Regression analysis
Regression models formalize an equation in which one numeric variable
\(Y\) is formulated as a function of
other variables
\(X_1\),
\(X_2\),
\(X_3\), etc:
\(Y = f(X_1,X_2,X_3...) + \epsilon\)
\(\epsilon\) is called the residual,
which is an error term in case the function does not fit perfectly \(Y\).
In this tutorial we will learn about linear regression, which are
regression models in which the function \(f()\) is a linear combination of variables.
More precisely:
\(Y = a + b_1 X_1 + b_2 X_2 + b_3 X_3 ... +
\epsilon\)
- \(Y\) is called the dependent
variable
- \(X_1\), \(X_2\), \(X_3\), etc are called independent
variables
- \(a\) is the intercept, which
measures the expected value of \(Y\)
that does not depend on the dependent variables
- \(b_1\), \(b_2\), \(b_3\), etc are called the slopes or the
coefficients of the independent variables. They measure how much \(Y\) grows with the corresponding variable.
These coefficients are measure in the units of \(Y\) divided by the units of \(X\)
- \(\epsilon\) are the residuals, as
in the equation before
For example, when we studied how GDP per capita depended on the FOI,
we have a case where \(Y\) is GDP and
there is one independent variable \(X\), the FOI. Here you see a scatter plot
of GDP vs FOI with a line that shows a regression result:

Regression residuals
Residuals (\(\epsilon\)) are the
differences in between the empirical values \(Y_i\) and their fitted values \(\hat Y_i\). In the following plot you see
them for the case of GDP and FOI as vertical green lines:

Linear regression analyses might have some assumptions regarding
residuals. For example, the standard assumptions in many research
projects is that residuals have zero mean, are normally distributed with
some standard deviation (\(\epsilon \sim
N(0,\sigma)\)), and that are uncorrelated with both \(X\) and \(Y\). At the end of this tutorial you have
ways to inspect if these assumptions are met.
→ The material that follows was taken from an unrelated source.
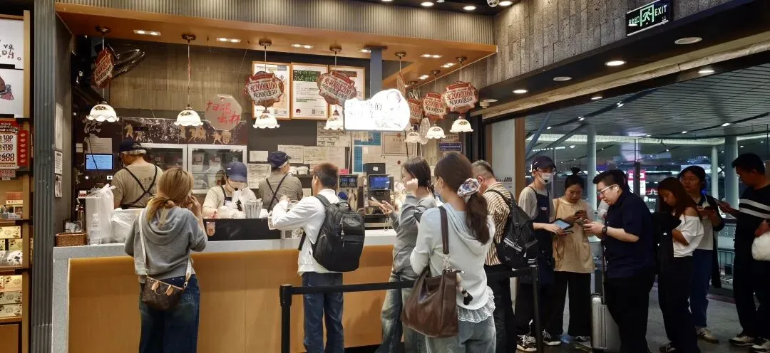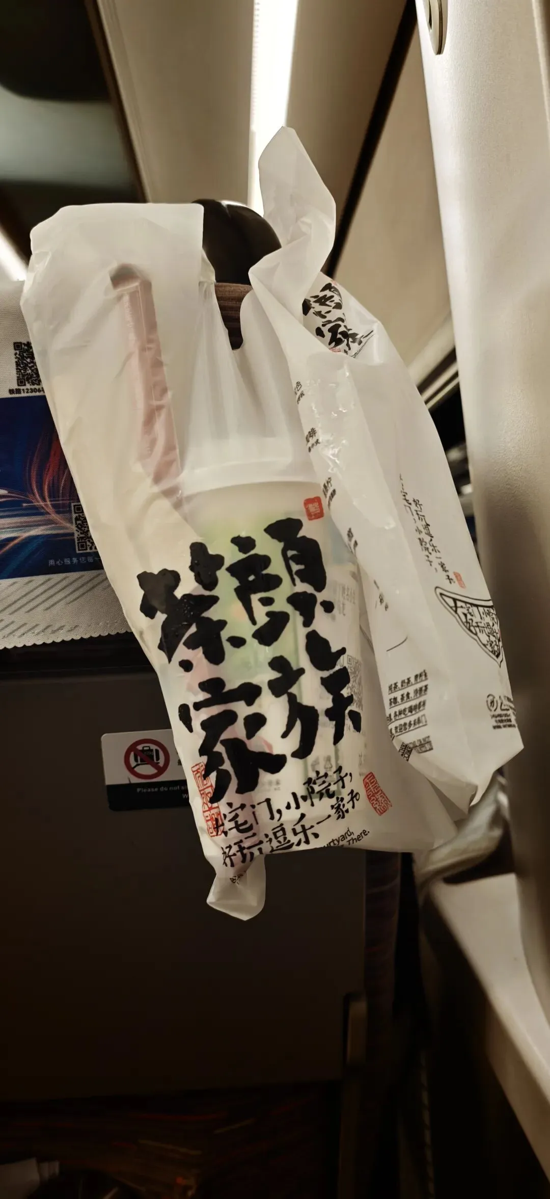 这里旅客多,谁也不会太注意一个中年男人捧着奶茶喝的画面是否违和,哈哈。

Ordinary Least Squares (OLS)
Fitting a regression model is the task of finding the
values of the coefficients (
\(a\),
\(b_1\),
\(b_2\), etc) in a way that reduce a way to
aggregate the residuals of the model. One approach is called Residual
Sum of Squares (RSS), which aggregates residuals as:
\(RSS = \sum_i (\hat Y_i - Y_i)^2\)
The Ordinary Least Squares method (OLS) looks for the values of
coefficients that minimize the RSS. This way, you can think about the
OLS result as the line that minimizes the sum of squared lengths of the
vertical lines in the figure above.
Goodness of fit
After fitting the model, you should ask yourself how good are the
predictions of the model or what is the quality of the fit. A way to
measure this is to calculate the proportion of variance of the dependent
variable (
\(V[Y]\)) that is explained
by the model. We can do this by comparing the variance of residuals
(
\(V[\epsilon]\)) to the variance of
\(Y\). If the variance of residuals is
very small in comparison, we have a good fit. This is captured by the
coefficient of determination, also known as
\(R^2\):
\(R^2 = 1 − \frac{V[\epsilon]}{V[Y]}\)
The coefficient of determination is called \(R^2\) because it is a way to measure the
correlation coefficient between the true values of the dependent
variable \(Y\) and the estimated ones
\(\hat Y\).